Ironically enough I could stand to use an amphetamine this morning as I am struggling to wake up. Caffeine will have to suffice. Have you started studying yet? I really think it’s time if you want to make it a more enjoyable experience rather than cramming as I did last year. It just doesn’t work for an old 40 year-old brain like myself. That’s right. I’m turning 40 today. I cannot believe it. Ask anyone around me though, (ok maybe this is just a hope I have) I still am youthful. Perhaps it’s the young toddler almost kindergartner and 2 1/2 year-old I have. Perhaps it’s my mindset. Whatever it is, I hope it sticks around the next 40 years.
Amphetamine-containing products in ADHD
1. Adderall – mixed amphetamine salts immediate release
2. Adderall XR – mixed amphetamine salts extended release: indicated for the treatment of ADHD in children 6 years and older. 50/50 immediate release and extended release beads. Duration 10-12 hours. Once daily dosing. Can sprinkle on applesauce.
3. Vyvanse – Lisdexamfetamine dimesylate (say that one three times fast!): prodrug, designed for less abuse, duration 10 hours, no clinical superiority over other amphetamine-containing meds.
Adverse Effects of Amphetamine-containing products: appetite loss, insomnia, abdominal pain, and nervousness, hypertension worsening, tic disorder worsening. *Recent labeling change warns of association with sudden cardiac death (potential) so IS NOT RECOMMENDED FOR PATIENTS WITH KNOWN STRUCTURAL HEART DEFECTS. Routine eletrocardiography is not recommended unless history and physical exam suggest cardiac disease. And, don’t withhold if you can’t get an electrocardiogram or assessment by a pediatric cardiologist (if otherwise healthy).
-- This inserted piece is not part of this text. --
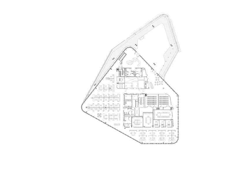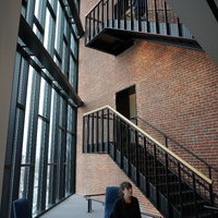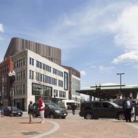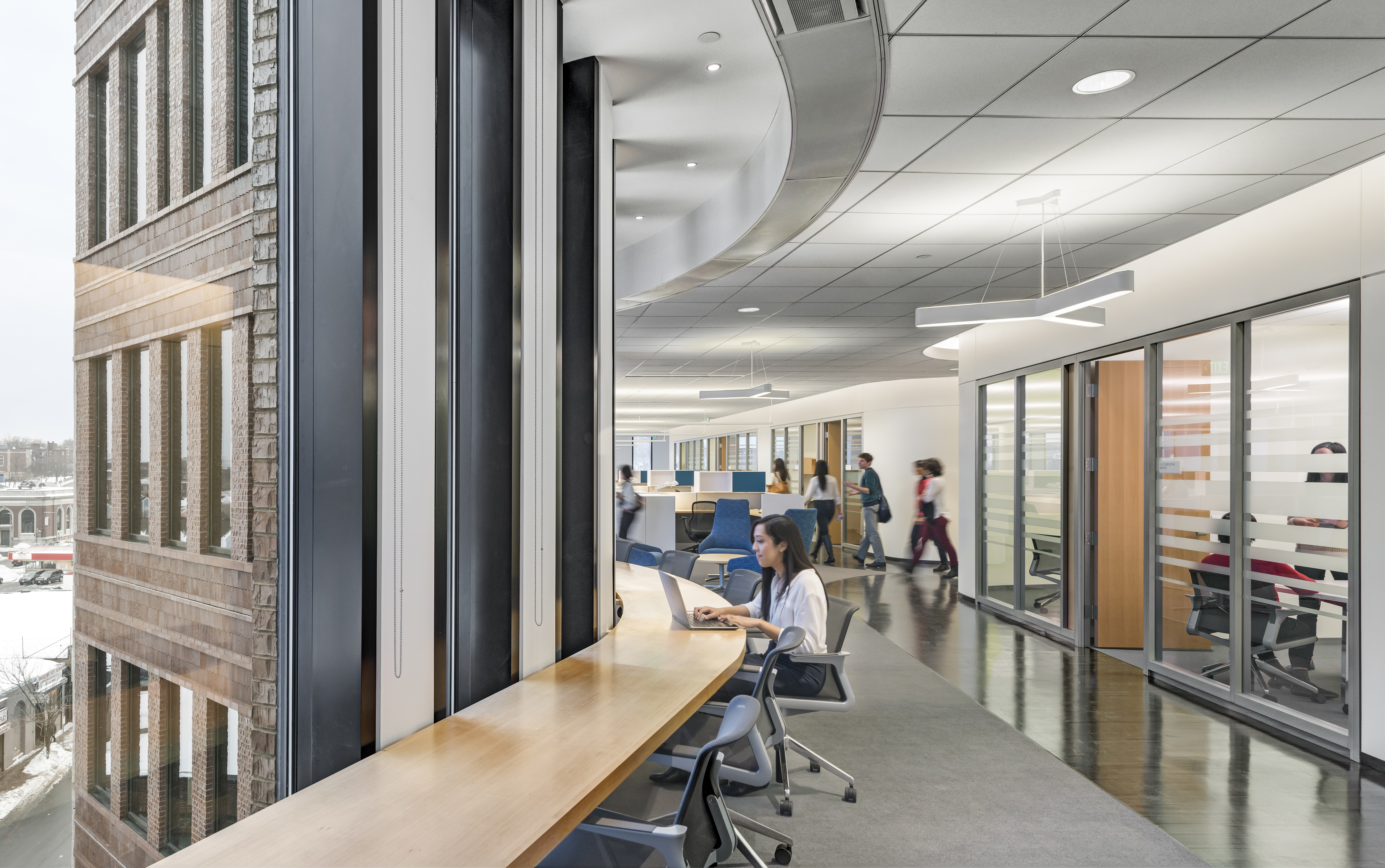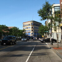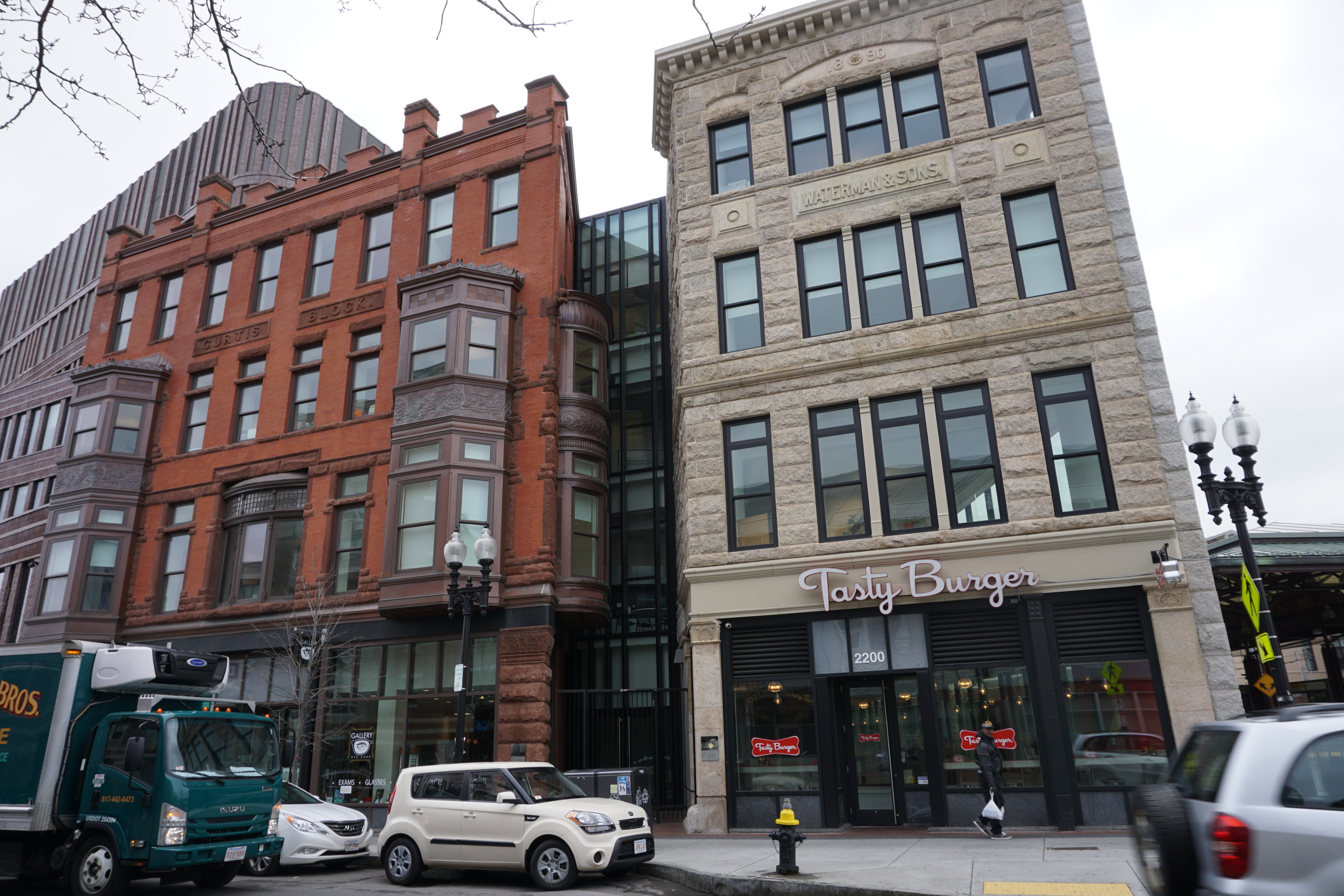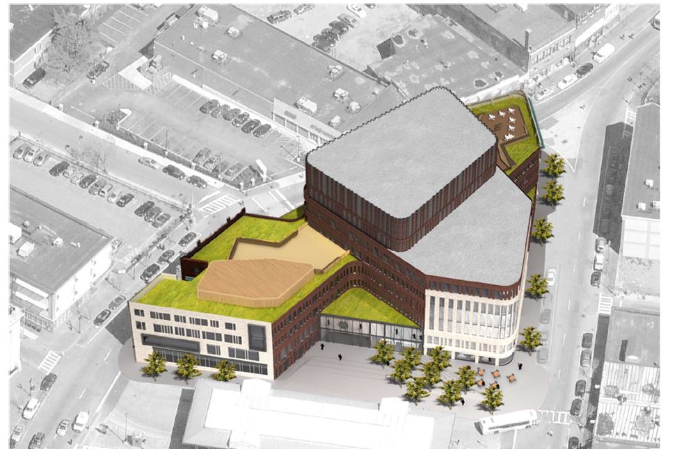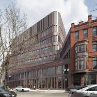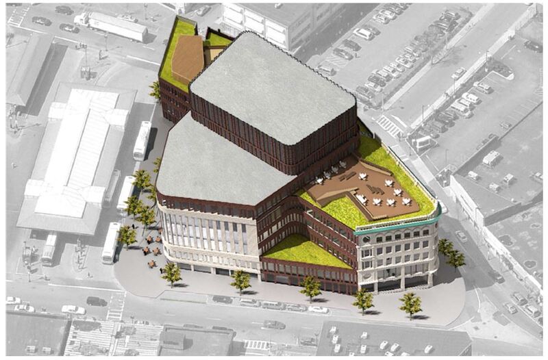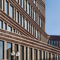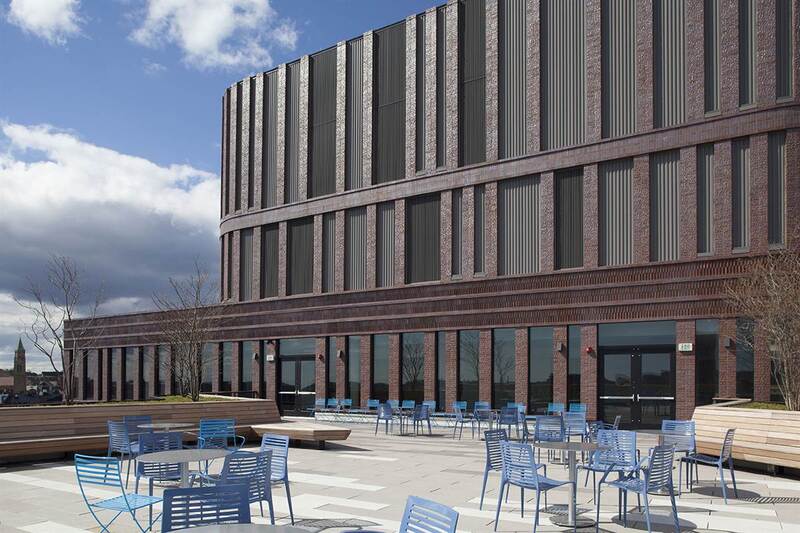 The 215,000 square foot complex incorporates the restoration of three historic facades, including the landmark Ferdinand building, coupled with new construction and capped with a green roof. The interior includes a light filled-atrium, offices, community meeting space, and first floor retail.
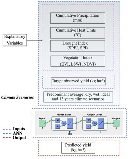 - Alvarez, R. Predicting average regional yield and production of wheat in the Argentine Pampas by an artificial neural network approach. Eur. J. Agron. 2009, 30, 70–77. [Google Scholar] [CrossRef]

Nonstimulant medications in ADHD
1. Strattera – Atomoxetine
Potent inhibitor of NE reuptake, once or twice daily dosing, **considered first line therapy for children with an active substance abuse problem, comorbid anxiety, or tics.
Adverse Effects – dyspepsia, decreased appetite, weight loss, and fatigue, can cause liver injury but don’t monitor liver enzymes, *doesn’t exacerbate tics (imagine a question like this: kid has tics what is the best choice for ADHD), and don’t forget black box warning that a lot of SSRIs have for suicidal ideation in children and teens. AND Please don’t forget CYP2D6 with atomoxetine.
2. Antidepressants – Non-FDA label approved treatment – Bupropion and Imipramine/Nortriptyline
Bupropion obviously contraindicated in seizure disorder. Can use immediate or extended release.
Imipramine and Nortriptyline – electrocardiogram to start and after each dose increase and desipramine used with extreme caution due to reports of sudden death.
3. Alpha-Adrenergic Receptor Agonists – Clonidine and Guanfacine
Clonidine – KAPVAY – ADHD in 6-17 year olds (clonidine extended release), use in combo with methylphenidate lessons tics
May be more effective for hyperactivity than for inattention
adverse effect: SEDATION
Guanfacine – Intuniv – extended release for 6-17 year olds. Shown to improve comorbid tic disorder. Less sedating with a longer DOA than clonidine. Can have rebound hypertension with abrupt d/c of extended release product.